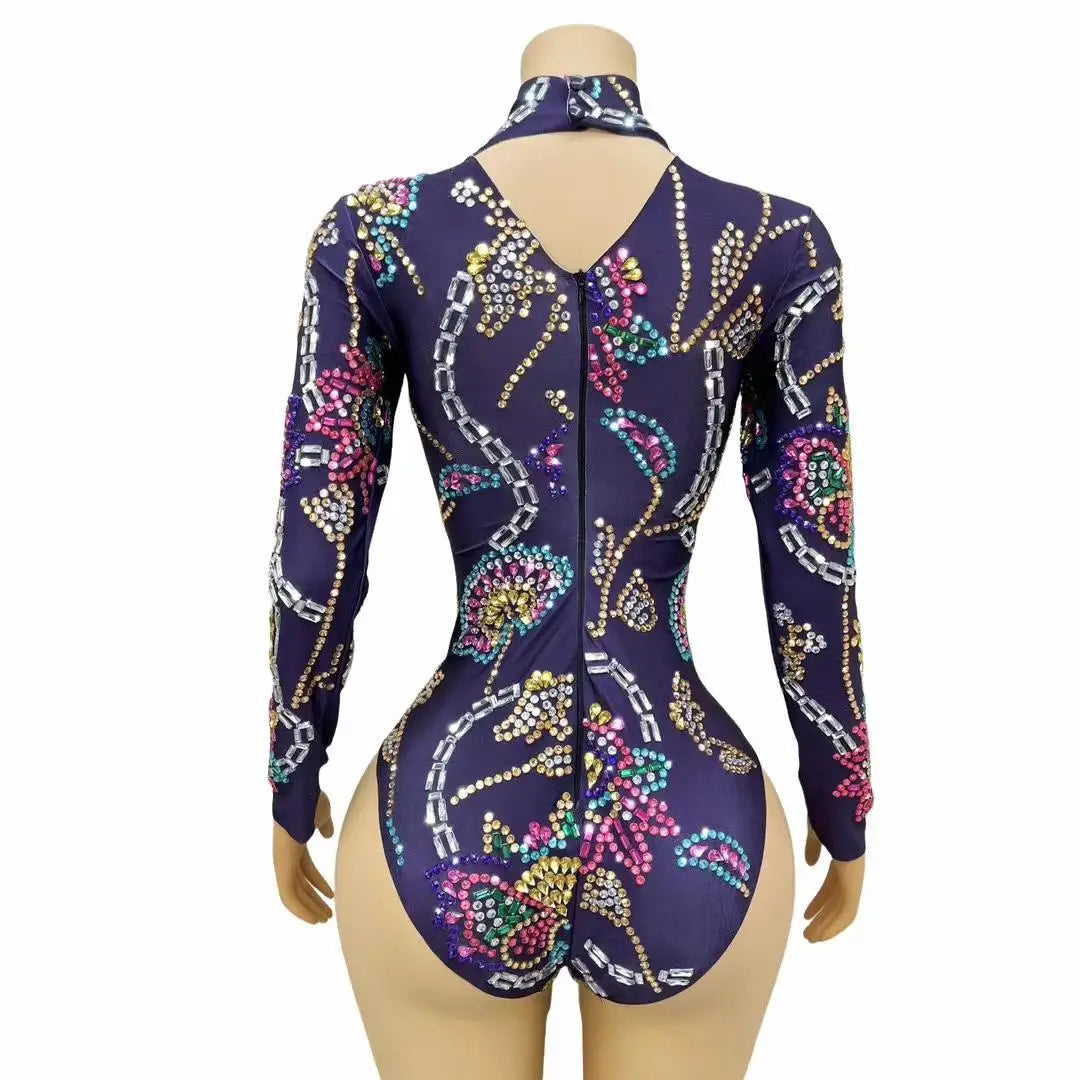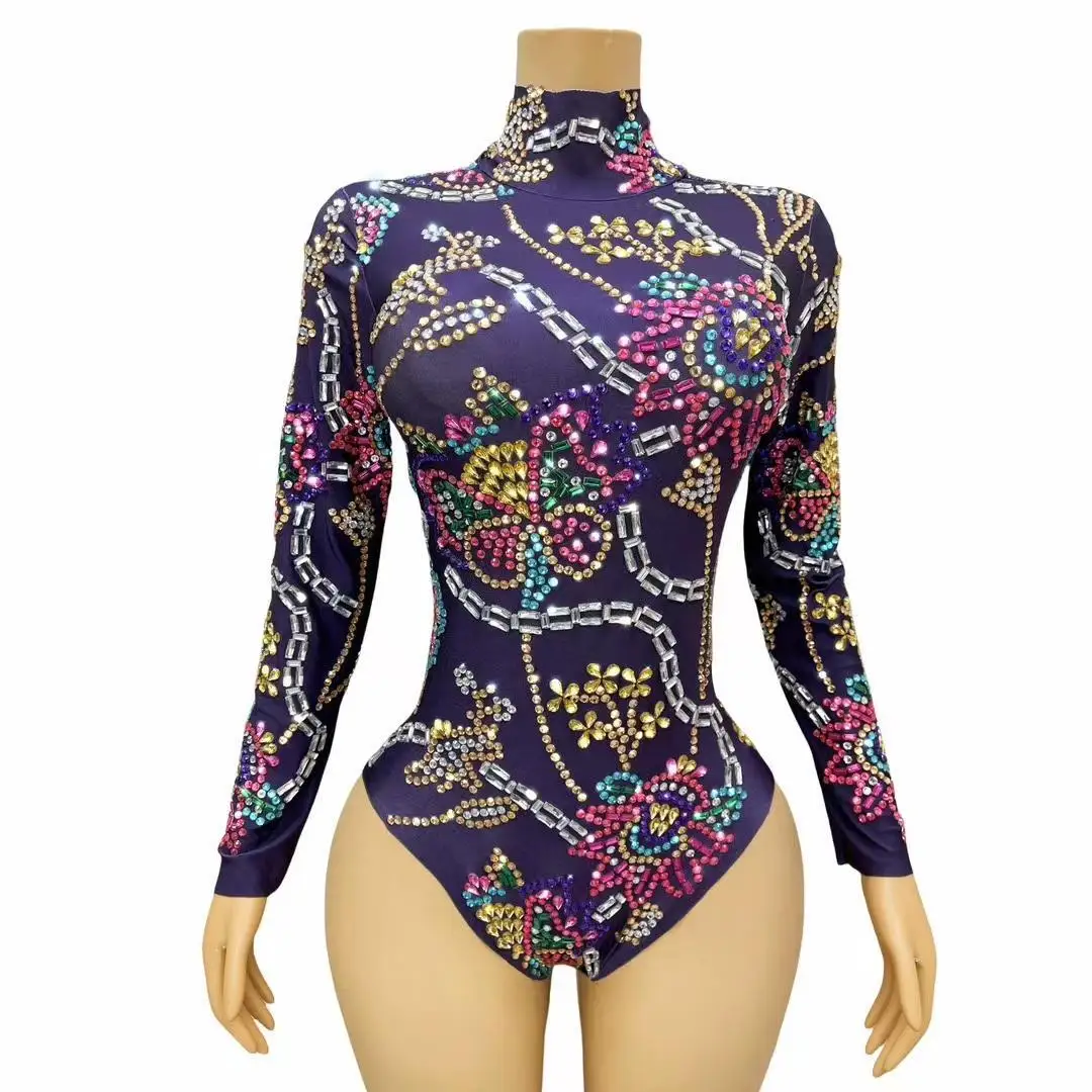 Women Flashing Colorful Rhinestones Purple Leotard Luxury Celebrate Sexy Outfit Long Sleeves Bodysuit Birthday Costume Jingu
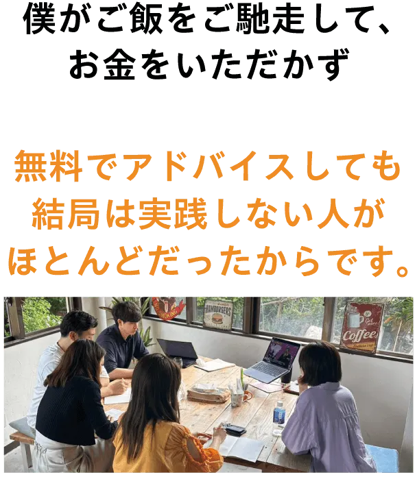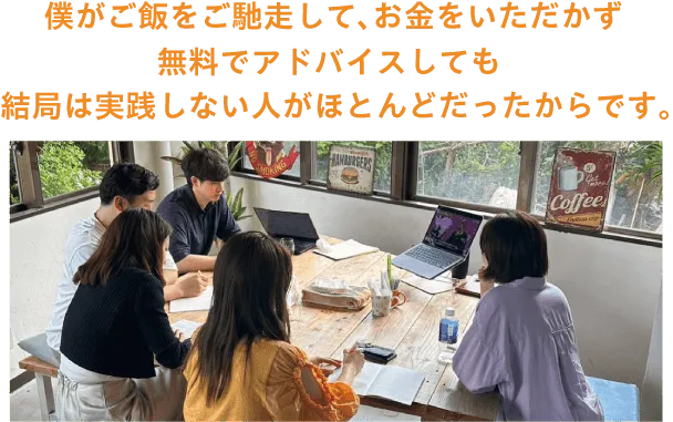 個別コンサルティングでは、毎回、僕が個別に時間をとってマンツーマンでコンサルティングしています。
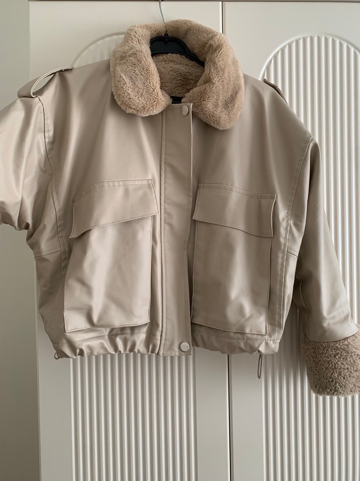 Bej Kürklü Deri Kadın Ceket - Görsel 4
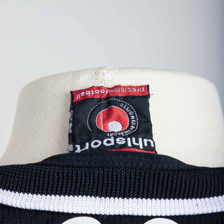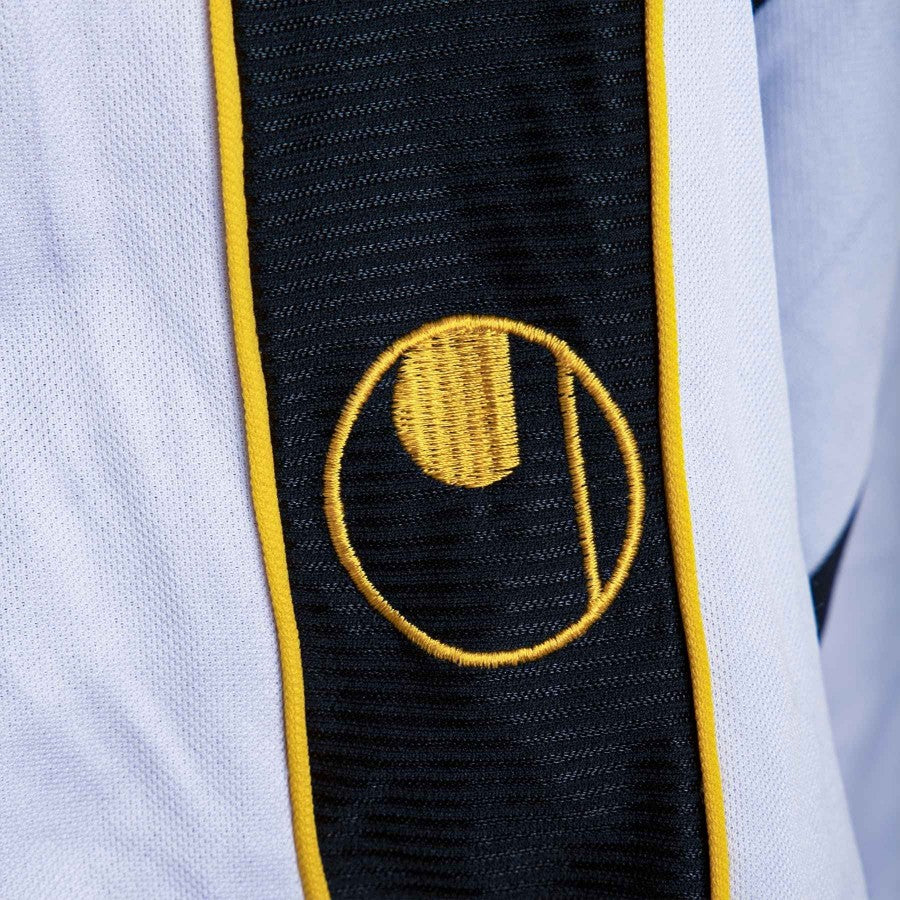 Ascoli Calcio short-sleeved shirt season 2002/2003 produced by Uhlsport. Black and white color with yellow inserts, present in the center the sublimated logo of the commercial sponsor, just above the lettering UHLSPORT embroidered. On the heart side there is the crest of Ascoli while on the left sleeve there is the Uhlsport patch. On the right sleeve there is the Lega Calcio patch and on the back TANGORRA lettering and number 5 applied.
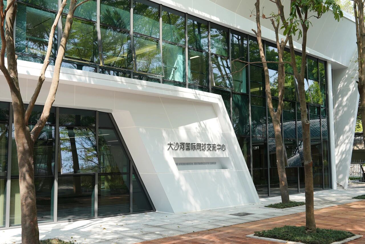 大沙河国际网球交流中心位于大沙河公园内,场馆以"现代极简、绿色环保、低碳理念"为设计理念,建设有配套用房1000平方米(包括3片室内羽毛球场),网球场面积6400平方米(8片室外场地),整体设计风格以现代极简为主,线条简洁明快,色彩搭配和谐,场地借鉴中国网球公开赛(中网)的风格,是集国际化、高标准为一体的运动场地。
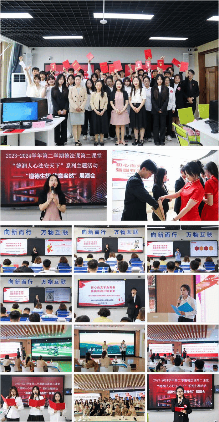 思想道德与法治教研室组织开展了“德润人心 法安天下”系列主题活动之——“道德生辉 律意盎然”展演会。铭法于心,学法力行。作为《思想道德与法治》课堂教学的延伸,此次思政实践课教学成果展演,以“思政+艺术”模式生动展现,以“讲身边事,学基本法,做明白人”为主题,围绕法、理、情等方面,对身边常见的法律事件、道德热点进行深入分析、演绎和评析,将艺术融入思政课堂,有效提升了课程的趣味性和实效性,更让学生在参与中深化了对道德和法律的理解。展演会上,学生们通过唱响道德法治之歌、有声演播、演讲、诗朗诵、情景剧和乐器演奏等形式,展现了道德的光芒和法律的力量。其中,《无名的人》《我的中国心》等歌曲传达了道德情操和法治精神;《心中有戒尺,方能扬帆远航》《以道德之光照亮人生》等作品,则通过演讲展现了法律的神圣和公正。此外,学生们还结合PPT图文,对法律事件进行了生动的讲解,让在场的师生们深受触动。
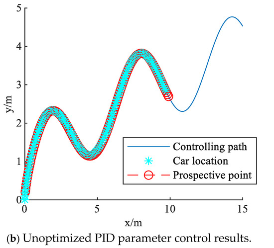 It can be seen from Figure 15b that the controller with the unoptimized PID parameters can also control the car to travel along the function curve, but it cannot walk smoothly at the same time. Because the initial position of the car is on the function trajectory, it avoids the process of the car approaching the preset trajectory in the circular trajectory, so that the car can drive according to the preset trajectory. By observing Figure 16b, it can be seen that the number of car-heading angle adjustments in the second group of the numerical simulations is significantly more than that in the first group. The analysis shows that because the unoptimized PID cannot control the wheel speed at the ideal value, the steering radian of the car is too large or too small during each steering motion. Therefore, it is necessary to continuously adjust the heading angle of the car, so that the car cannot walk smoothly at the same time.

=-=-=-=-=

Beginning with the first line of the records above, extract each line exactly through the line that holds "Bej Kürklü Deri Kadın Ceket - Görsel 4", both ends included. Omit pictures.

 Women Flashing Colorful Rhinestones Purple Leotard Luxury Celebrate Sexy Outfit Long Sleeves Bodysuit Birthday Costume Jingu
 個別コンサルティングでは、毎回、僕が個別に時間をとってマンツーマンでコンサルティングしています。
 Bej Kürklü Deri Kadın Ceket - Görsel 4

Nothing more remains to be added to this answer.